Each array was scanned at 550 nm (Cy3) and at 650 nm (Cy5) at a resolution of 5 μm. Calculation and output of the data was done using ScanArray software, version 3.0 (PerkinElmer). For calculation, the mean signal intensity (pixel) minus local background (pixel) of each spot was used. Flagged spots were eliminated. Two methods for normalizing the data were applied. i) normalization among the totality of genes and ii) normalization among housekeeping genes. For the first normalization method, the signal intensities of each spot of the experiment as well as of each spot of the control were totalised. The sum of the experiment over the sum of the control gives the normalization factor. In order to normalise the control, the signal intensity of each spot of the control was divided by this normalization factor. For housekeeping normalization, the calculation was performed in the same manner as described above but on the basis of the housekeeping gene spot intensities of the control. Spots with a signal intensity (pixel) = 300 were excluded from data analysing. Genes with a ratio of more than 2 and less than 0.5 were considered as differentially expressed.
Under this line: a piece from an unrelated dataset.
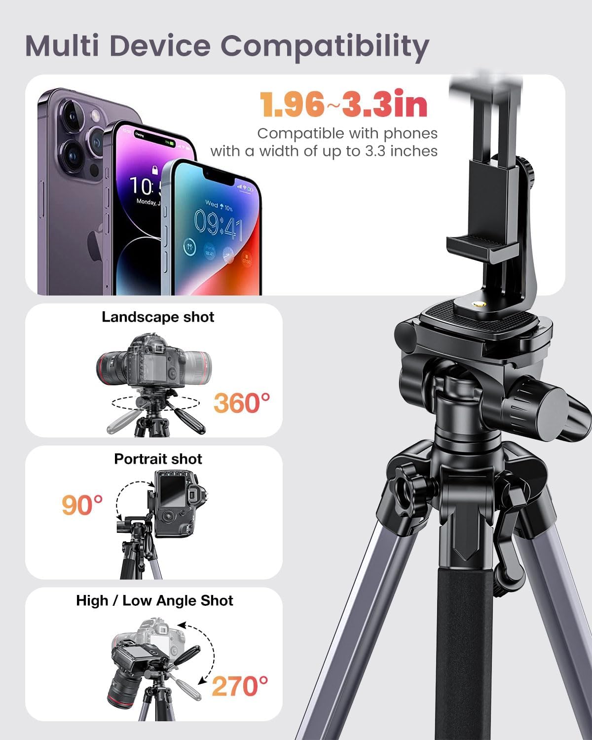The sleek gunmetal gray finish adds a touch of style to your photography gear, while the adjustable height of up to 74 inches allows you to easily set up your shots at the perfect angle. The included phone holder ensures you can easily attach your smartphone for added convenience.

In order to validate the results obtained by microarray analyses, quantitative RT-PCR (qRT-PCR) was performed by random sampling. Sense and antisense primers were designed to amplify approximately 100 base pairs [see Additional file 2]. These primers were designed independently from the oligonucleotides used on the microarray. Thus, they represent different regions of the same gene. cDNA synthesis was carried out with SuperScriptIII Reverse Transcriptase (InVitrogen). In a final volume of 20 μl, 1 μg of RNase-free DNase-treated total RNA was mixed with 5 × First-Strand buffer, 500 μM dNTPs, 500 nM OdT-T71 (5'-GAG AGA GGA TCC AAG TAC TAA TAC GAC TCA CTA TAG GGA GAT₂₄), 2 mM DTT, 40 U RnaseOut (Invitrogen) and SuperScriptIII (200 U/μl). Incubation was performed for 1 h at 42°C. Quantitative amplification was performed in a Rotor-Gene (Corbett) using RealMasterMix (Eppendorf) SYBR Green kit. 1 μl of the synthesized cDNA was mixed with 2,5× RealMasterMix/20 × SYBR, 5 pmol/μl of the respective sense-primer and antisense-primer to a final volume of 20 μl. Amplification conditions were as follows: 35 cycles at 95°C for 15 s, 58°C for 20 s and 68°C for 20 s and an adjacent melting step (42°C–95°C). Two biological replicates were analysed in triplicate. Relative quantification was carried out with the use of the delta delta ct method provided by the Rotor-Gene software 54 and E. histolytica actin gene RNA as normalizer.